I'm extremely blessed to be with someone who is very open with me and with whom I feel completely comfortable. He's seen me go from a young and fit 20-something, to a woman who gained 50 lbs with each pregnancy (you can't come back from those stretch marks!) and now, to a woman who has reconstructed her breasts...the only ones he's ever known on me. Through each stage, he has told me how beautiful I am. After my surgery, he told me how pleased he was with the results, that I looked perfect. Here's the kicker, I believe him.
I say I believe him because I'm not one who takes compliments graciously. I have a hard time. I find flaws. I'm not nice to myself quite often when it comes to body image. I struggled with eating issues growing up and struggle to this day to be kind to myself. However, in this case, I believe him because I do look good.
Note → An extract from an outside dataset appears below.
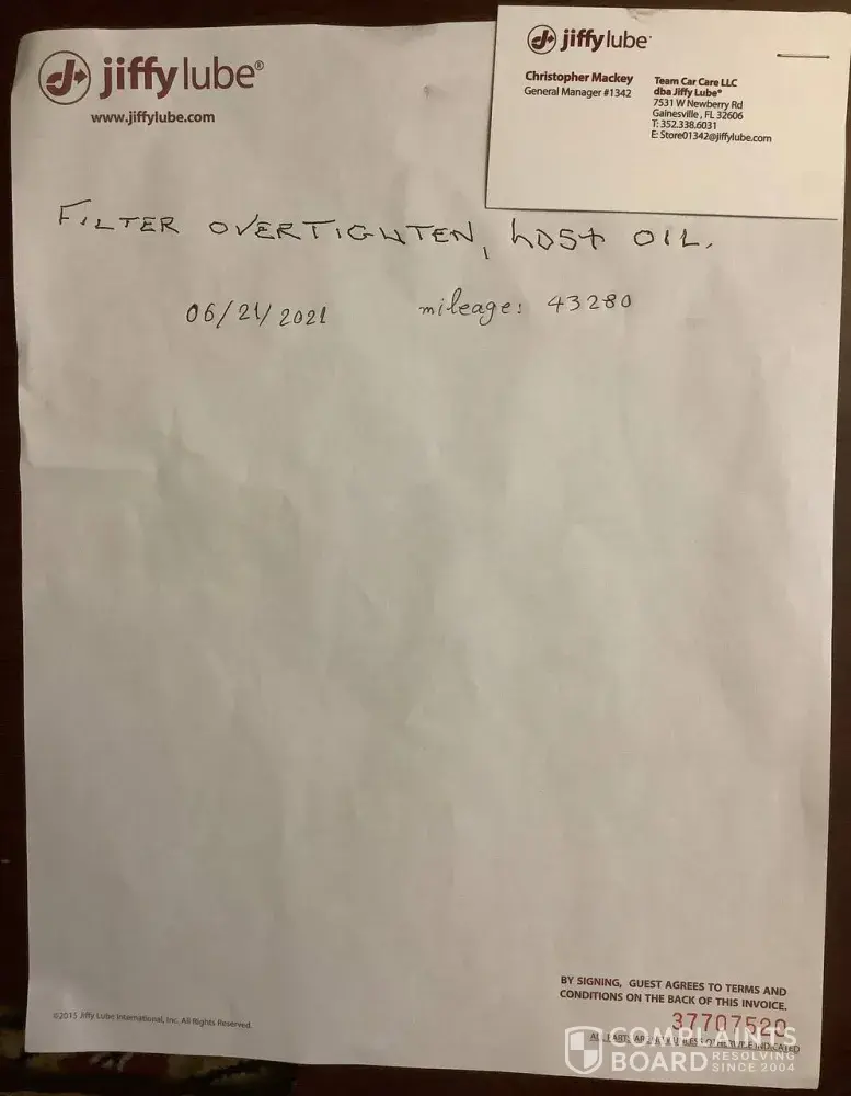 I also visited two other Jiffy Lubes in order to obtain information about their services with these types of cars. I asked for information for an oil change on this car type of car (Dodge Sprinter 2003) and they said that they would do it. When I insisted and asked whether they had the filter in the store they backed up and said that they didn’t have it, and that they only did the oil change on those cars. This confirmed that they never did a filter change the first day that I took the car because they do not do filter change according to the other Jiffy Lubes. They also said that the diesel filter was something they didn’t do commonly either, that if I were to ask for that service they would do the same thing the other people did with my car, leave the filters untouched and once you turn on the car with the old filters after changing the rest the oil gets contaminated and causes the rest of the problems.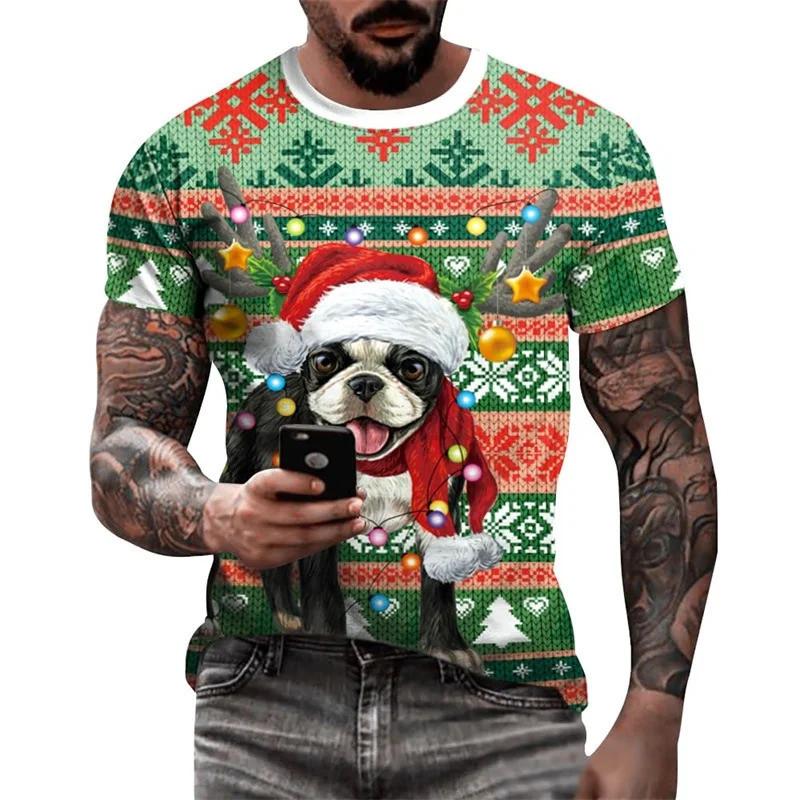 3D Printing Fun Tree Christmas Novel Pattern 3D Printing T-shirt Short Sleeve Men's Party T-shirt

I can't criticize my new shape. My results are better than I expected, and for me to say that and mean it, means a lot.
My husband and I dove into intimate situations right after surgery when it came to showering. I've never had to have someone help me shower, yet here I was, dependent on my husband. The first shower with the nurse was one thing...I didn't care and I was pretty doped up. But then we were home, three days out from the surgery, and I needed help doing something that seemed so easy. Because of the medicine, the sleeping and sitting, my body was weak. It was hard for me to have enough strength on my own to stand up the length of a shower, let alone wash my hair and body. I needed him and I needed to be OK with him helping me. It wasn't just that, it was the fact that he was seeing my breasts, drains hanging out and stitches underneath, fresh from surgery. Ideally, in a perfect world, he wouldn't see them until everything was healed and the scars were gone. But that didn't happen.
As time went on, and I became more and more comfortable with my new breasts, I was more open to my husband commenting on my breasts in a more intimate, non-surgical way, and most importantly, for him to ask questions and eventually, touch them. We were making the bridge from something medical to something intimate. He took cues from me...he's curious, which is natural. He only talked about them as much as I was comfortable with doing. At three weeks, I'm less sore, my breasts are settling in more and I'm feeling really good about myself. My husband has been patient, supportive and nothing but open. I can't give the magic timeline for this to happen for everyone. I can't say that everyone will feel as comfortable or as open. What I hope is that every woman feels supported, and that her support follows her lead. It's not easy, its not comfortable and it may take a long time before she wants her breasts to be discussed, looked at or touched. Just...listen.